Plötzlich hielt sie einen der Wichtelmänner in die Höhe, es war der mit der abgeknickten Zipfelmütze und der Laterne in der Hand, und betrachtete eingehend den Bodenbereich. Dann nahm sie eine Pinzette zur Hand und begann darin herum zustochern. „Nanu? Was haben wir denn da?“, und hatte auf sonderbare Weise eine im Fußbereich des Zwerges verborgene Klappe geöffnet. Damit nicht genug. Nun zog sie auch noch einen silberfarbenen Schlüssel heraus und betrachtete ihn verwundert. Aber das war durchaus kein gewöhnlicher Schlüssel. Das sah man sofort. Auffallend war, dass er zu beiden Seiten einen Bart besaß, der wiederum durch einen Innenknick eine besonders hohe Verschlussstufe verriet. Mit anderen Worten, er ähnelte einem Safe- oder Tresorschlüssel, den sein Besitzer womöglich schmerzlich vermisste. „Woher haben Sie die Figur?“, wollte die Töpferin wissen.

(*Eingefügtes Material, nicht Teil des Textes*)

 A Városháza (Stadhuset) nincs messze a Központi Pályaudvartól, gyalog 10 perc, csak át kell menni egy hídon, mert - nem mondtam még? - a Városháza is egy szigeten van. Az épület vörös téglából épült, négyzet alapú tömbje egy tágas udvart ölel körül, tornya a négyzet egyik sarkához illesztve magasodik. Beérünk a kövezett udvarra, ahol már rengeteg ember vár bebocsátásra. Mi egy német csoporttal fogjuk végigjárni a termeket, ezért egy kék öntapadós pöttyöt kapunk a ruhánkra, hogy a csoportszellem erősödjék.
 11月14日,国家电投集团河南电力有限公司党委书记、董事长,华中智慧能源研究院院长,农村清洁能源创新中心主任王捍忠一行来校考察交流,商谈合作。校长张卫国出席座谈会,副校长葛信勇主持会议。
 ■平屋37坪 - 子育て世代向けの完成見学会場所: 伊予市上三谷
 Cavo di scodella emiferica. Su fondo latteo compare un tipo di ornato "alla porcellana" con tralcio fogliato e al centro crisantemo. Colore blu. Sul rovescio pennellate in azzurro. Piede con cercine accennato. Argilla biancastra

Sina zuckte nur mit den Schultern. Sie dachte nicht daran, dieser Hexe auch nur einen Deut mehr zu sagen, als sie zur Verrichtung ihrer Arbeit brauchte.

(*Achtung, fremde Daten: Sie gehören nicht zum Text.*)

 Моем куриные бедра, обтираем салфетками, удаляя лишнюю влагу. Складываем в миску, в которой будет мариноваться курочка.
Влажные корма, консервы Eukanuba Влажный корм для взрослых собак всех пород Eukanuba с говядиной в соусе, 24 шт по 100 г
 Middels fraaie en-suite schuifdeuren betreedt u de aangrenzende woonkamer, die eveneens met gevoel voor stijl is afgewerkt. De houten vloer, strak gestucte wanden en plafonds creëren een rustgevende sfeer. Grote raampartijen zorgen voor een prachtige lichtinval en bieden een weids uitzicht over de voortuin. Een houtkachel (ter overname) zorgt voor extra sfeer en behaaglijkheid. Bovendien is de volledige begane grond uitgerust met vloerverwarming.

„Wirklich? Das ist sehr schade, denn ich könnte mir denken, dass sich der Besitzer bestimmt über eine Rückgabe freuen würde.“

„Möglich. Aber ich habe die Figur gekauft, mit allem, was dazu gehört“, erwiderte Sina, nahm ihr den Schlüssel aus der Hand und steckte ihn ein.

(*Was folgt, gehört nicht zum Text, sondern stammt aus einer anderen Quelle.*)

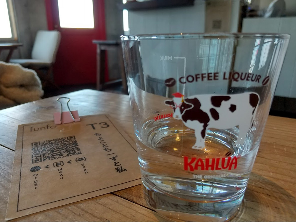 階段の上には小上がり席もありました。注文はQRコードから行う方式です。セルフサービスのレモン水も美味しかったし、牛さんのグラスもキュートでした。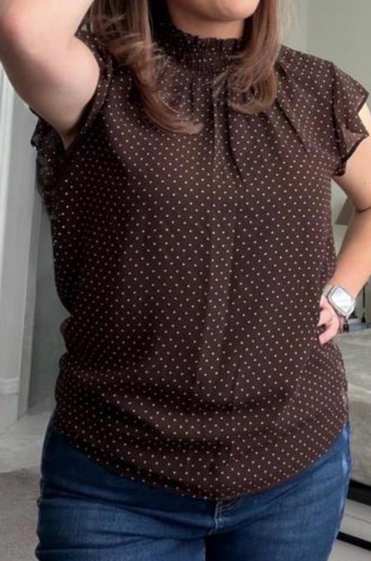 This is the most comfortable top I have gotten in a while! I was worried about the high neck design because I don’t like anything that’s too tight. Is nice and snug. I have never been a fan of brown but I really like how they designed the solid brow with white polka dots. This shirt will definitely be a go to In the summer! My only concern is the material, it usually makes me smell, so we will see how my body reacts.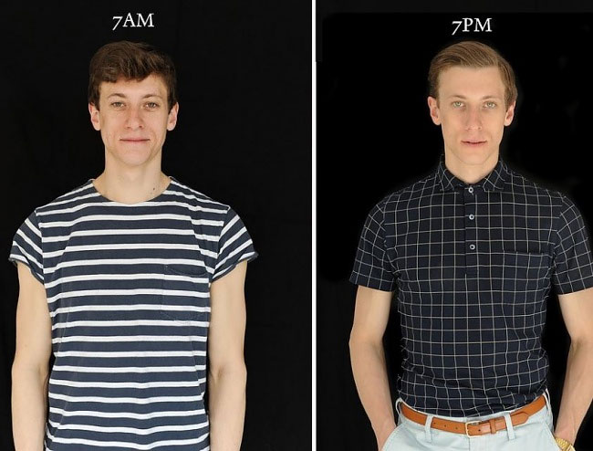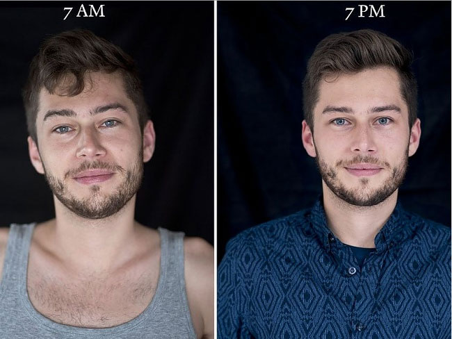 Zjutraj in zvečer smo ljudje povsem druga oseba, vsaj kar se tiče videza. Ta tema je pritegnila belgijsko fotografinjo Barbaro Iweins, ki je na primeru portretov (serija 7AM-7PM) prikazala neverjetno stilsko preobrazbo čez dan, ki pa se je niti ne zavedamo. Svoje portretirance je ujela ob sedmih zjutraj in sedmih zvečer.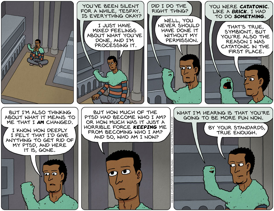 I would love the opportunity to ponder that very same question…even if it meant I got stuck with symbiont for an extended period of time. And it didn’t criticize my choice of food stuffs. Moon Pie(banana) and RC Cola are important nutrients.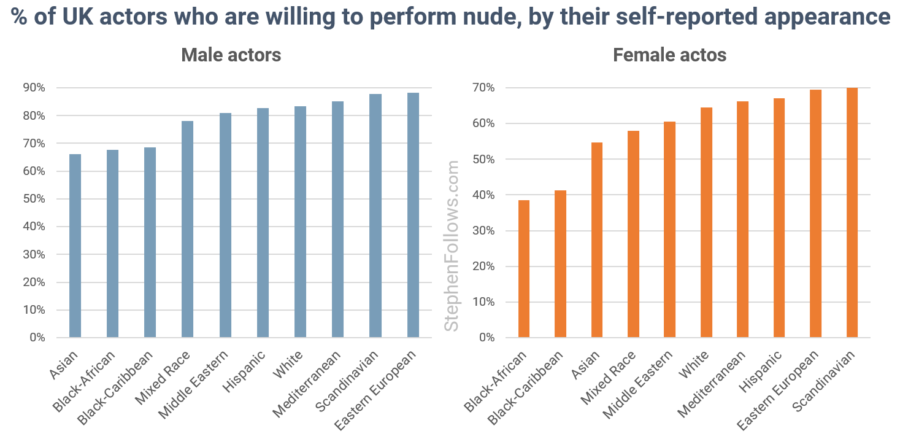 Those who describe themselves as "Scandinavian" or "Eastern European" are the most open to professional nudity, with those referring to themselves as "Black-African", "Black-Caribbean" or "Asian" the least. This holds true for both male and female actors.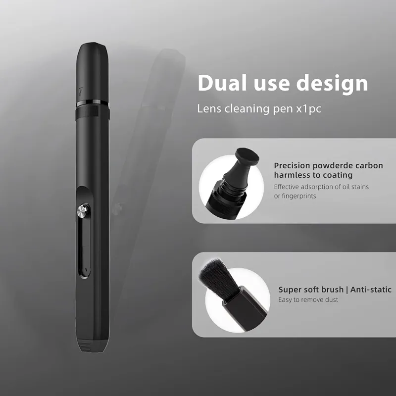 2in1 cleaning brush and pen Perfect for cleaning optical surfaces Brush for sweeping larger dust particles Pen for cleaning even the smallest smudges Compact mini-size design

„Ich denke, das ist ein ganz besonderer Zwerg“, ließ die Blank nicht locker. „Nicht nur wegen des Schlüssels. Sieh nur, wie präzise dieses kleine Fach hier hineingearbeitet wurde. Und damit nicht genug – diese Einarbeitung deckt sich exakt mit der darüberliegenden Wölbung, als gehöre sie dazu, um den Gesamtausdruck der Figur noch zu verstärken. Darüber hinaus war das Versteck nur durch Zufall zu finden. So etwas Filigranes habe ich noch nie gesehen. Fast könnte man von einem Meisterwerk sprechen. Verkaufst du mir diesen Bartträger? Ich gebe dir 500 Euro in bar.“

Sina schluckte. Das war ein bestechendes Angebot. Dementsprechend war die Verlockung natürlich groß. Was könnte man sich dafür alles kaufen. Ganz davon abgesehen, dass es ihre dauernde finanzielle Schwäche etwas abmildern würde. Andererseits war klar, dass dieses Exemplar mit Sicherheit um ein Vielfaches wertvoller war. Nicht umsonst machte die Töpferin ihr ein solches Angebot. „Tut mir leid, Frau Blank. Der ist unverkäuflich.“

„Tabea – wir waren doch beim Du, oder?“, korrigierte sie die Hausherrin sofort, deren Gesicht plötzlich einen ganz anderen Ausdruck annahm. Jede Überheblichkeit war verschwunden. Dafür stand jetzt eine eigenartige Verwunderung.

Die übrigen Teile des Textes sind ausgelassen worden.